* _Data below_
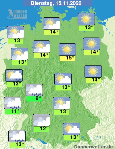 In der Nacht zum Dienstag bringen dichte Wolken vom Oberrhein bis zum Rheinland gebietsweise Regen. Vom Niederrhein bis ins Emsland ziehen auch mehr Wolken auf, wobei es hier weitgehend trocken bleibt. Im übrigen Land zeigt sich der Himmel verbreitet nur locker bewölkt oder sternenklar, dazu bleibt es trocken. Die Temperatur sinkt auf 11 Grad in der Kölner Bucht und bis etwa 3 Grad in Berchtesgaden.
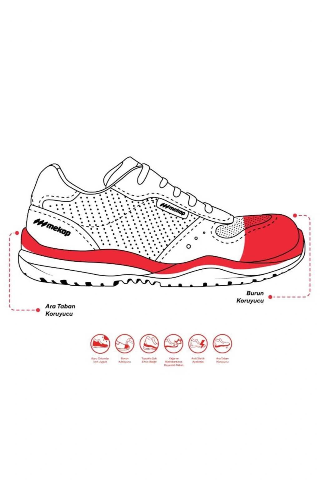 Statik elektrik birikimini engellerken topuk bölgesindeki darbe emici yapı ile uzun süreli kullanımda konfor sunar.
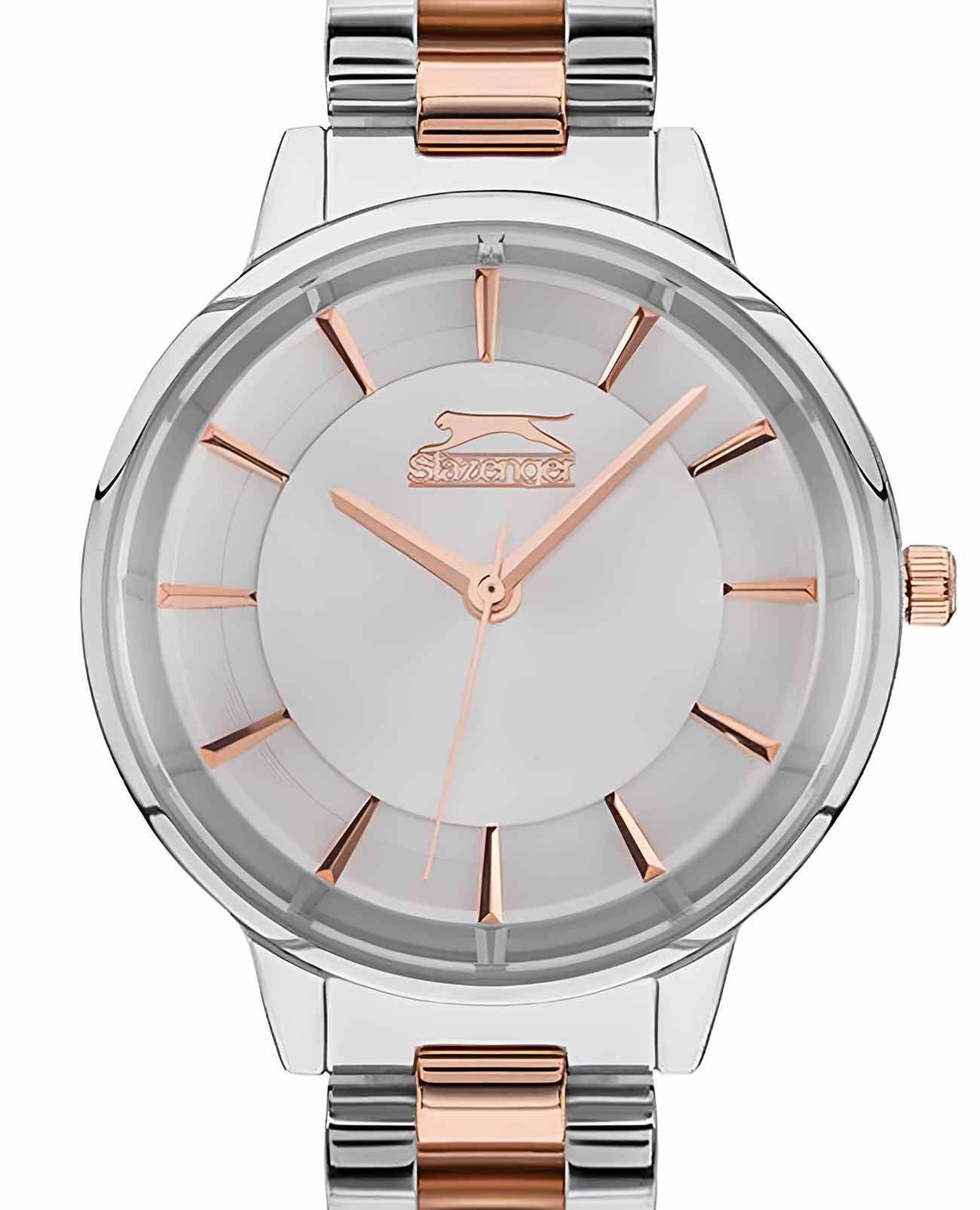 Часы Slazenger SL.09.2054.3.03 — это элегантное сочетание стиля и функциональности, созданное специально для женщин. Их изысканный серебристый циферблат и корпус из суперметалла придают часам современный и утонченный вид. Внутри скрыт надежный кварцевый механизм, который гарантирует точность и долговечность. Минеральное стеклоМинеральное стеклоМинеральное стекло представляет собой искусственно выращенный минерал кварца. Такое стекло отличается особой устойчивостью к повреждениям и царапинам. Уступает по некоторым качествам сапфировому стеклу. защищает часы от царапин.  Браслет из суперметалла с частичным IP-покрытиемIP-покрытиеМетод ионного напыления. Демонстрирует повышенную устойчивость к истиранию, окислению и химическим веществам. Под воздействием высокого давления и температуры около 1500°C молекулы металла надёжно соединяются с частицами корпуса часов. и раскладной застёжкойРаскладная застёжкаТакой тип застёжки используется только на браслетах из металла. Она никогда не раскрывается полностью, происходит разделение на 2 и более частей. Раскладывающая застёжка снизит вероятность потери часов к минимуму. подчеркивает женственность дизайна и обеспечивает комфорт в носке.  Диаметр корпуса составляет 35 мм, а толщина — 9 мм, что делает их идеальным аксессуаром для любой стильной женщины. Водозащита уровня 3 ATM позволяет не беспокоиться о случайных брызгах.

* _Required action_
Pictures stay out. Print the data exactly, from its first line through the line containing "Statik elektrik birikimini".

* _Solution for this exercise_
 In der Nacht zum Dienstag bringen dichte Wolken vom Oberrhein bis zum Rheinland gebietsweise Regen. Vom Niederrhein bis ins Emsland ziehen auch mehr Wolken auf, wobei es hier weitgehend trocken bleibt. Im übrigen Land zeigt sich der Himmel verbreitet nur locker bewölkt oder sternenklar, dazu bleibt es trocken. Die Temperatur sinkt auf 11 Grad in der Kölner Bucht und bis etwa 3 Grad in Berchtesgaden.
 Statik elektrik birikimini engellerken topuk bölgesindeki darbe emici yapı ile uzun süreli kullanımda konfor sunar.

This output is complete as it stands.